The problem:
Retype nothing except the lines below from the one with "Хабарингиз бор, бугундан" through the one with "Воздушно-десантные войскаВ Воздушно-десантных", exactly, with images left out.

Recorded information:
==*==

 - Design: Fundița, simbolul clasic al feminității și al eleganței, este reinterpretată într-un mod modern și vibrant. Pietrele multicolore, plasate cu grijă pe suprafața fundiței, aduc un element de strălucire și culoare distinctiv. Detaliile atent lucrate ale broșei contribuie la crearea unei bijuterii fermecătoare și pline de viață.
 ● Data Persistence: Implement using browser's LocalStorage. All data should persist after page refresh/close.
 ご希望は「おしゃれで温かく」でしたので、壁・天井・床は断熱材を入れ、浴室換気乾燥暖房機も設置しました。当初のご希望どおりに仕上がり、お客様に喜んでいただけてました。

==*==

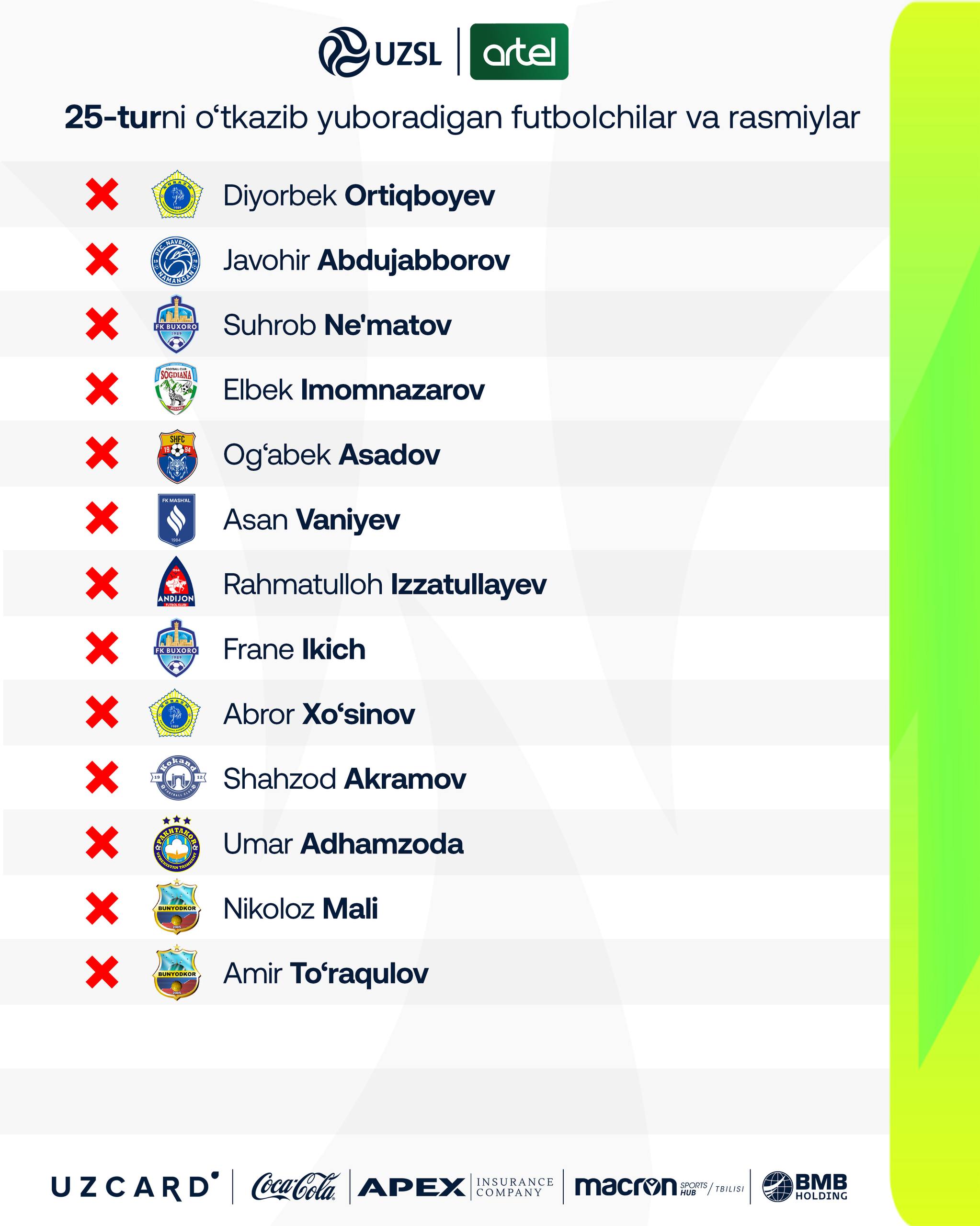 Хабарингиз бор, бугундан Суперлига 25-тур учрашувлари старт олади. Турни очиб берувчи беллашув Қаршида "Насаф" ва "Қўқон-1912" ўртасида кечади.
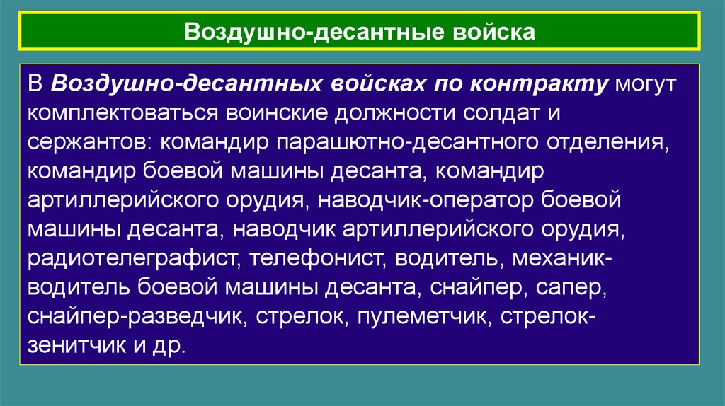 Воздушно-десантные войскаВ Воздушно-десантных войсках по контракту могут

==*==

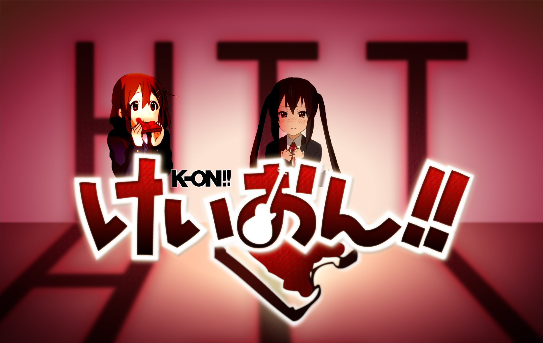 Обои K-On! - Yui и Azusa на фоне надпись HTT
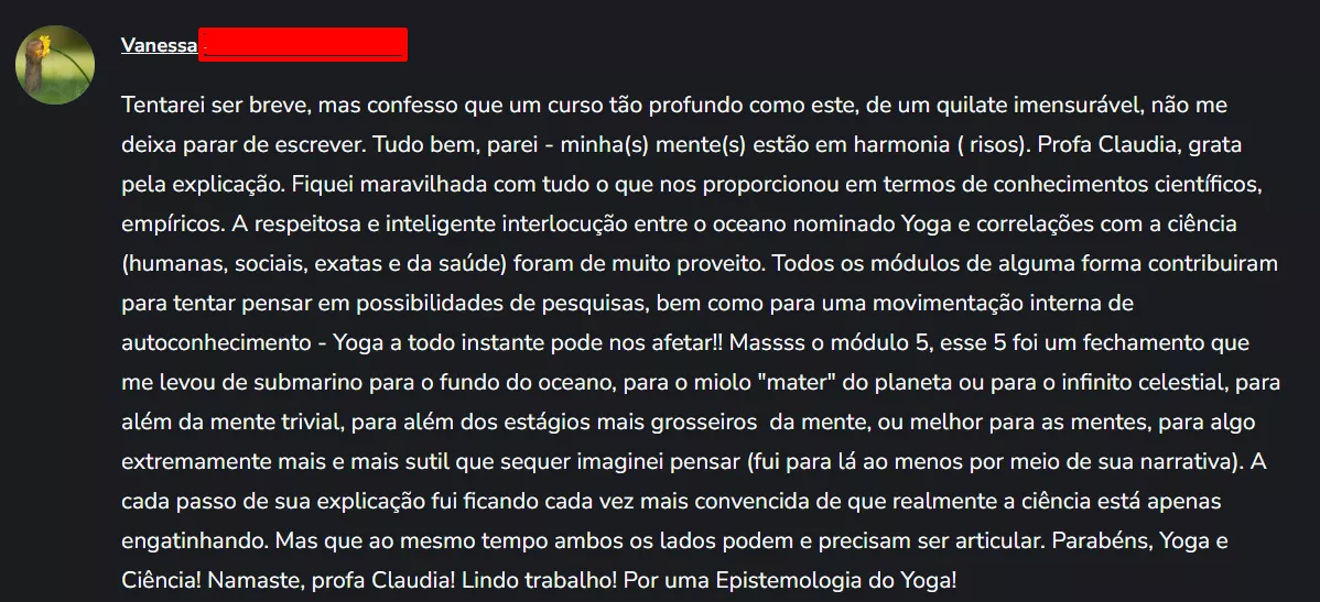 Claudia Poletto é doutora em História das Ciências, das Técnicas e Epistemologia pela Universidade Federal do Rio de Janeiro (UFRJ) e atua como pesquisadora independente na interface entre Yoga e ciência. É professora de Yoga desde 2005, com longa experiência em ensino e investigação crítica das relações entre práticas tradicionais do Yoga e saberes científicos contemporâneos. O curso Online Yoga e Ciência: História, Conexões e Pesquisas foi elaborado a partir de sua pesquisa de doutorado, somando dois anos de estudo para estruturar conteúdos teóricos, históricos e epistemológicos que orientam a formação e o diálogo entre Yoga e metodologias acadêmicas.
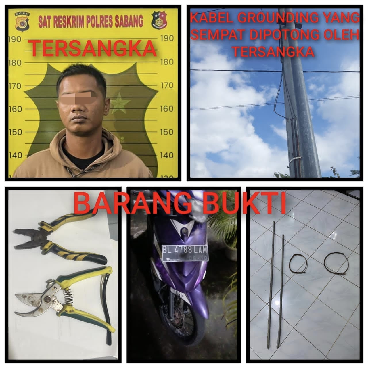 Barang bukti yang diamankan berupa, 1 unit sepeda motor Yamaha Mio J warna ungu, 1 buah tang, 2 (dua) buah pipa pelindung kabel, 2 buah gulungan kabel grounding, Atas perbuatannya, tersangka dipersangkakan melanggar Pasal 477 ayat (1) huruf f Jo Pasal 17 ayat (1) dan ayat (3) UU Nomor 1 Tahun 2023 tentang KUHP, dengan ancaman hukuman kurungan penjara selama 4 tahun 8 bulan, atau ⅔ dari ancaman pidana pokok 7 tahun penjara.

==*==

Result for this exercise:
 Хабарингиз бор, бугундан Суперлига 25-тур учрашувлари старт олади. Турни очиб берувчи беллашув Қаршида "Насаф" ва "Қўқон-1912" ўртасида кечади.
 Воздушно-десантные войскаВ Воздушно-десантных войсках по контракту могут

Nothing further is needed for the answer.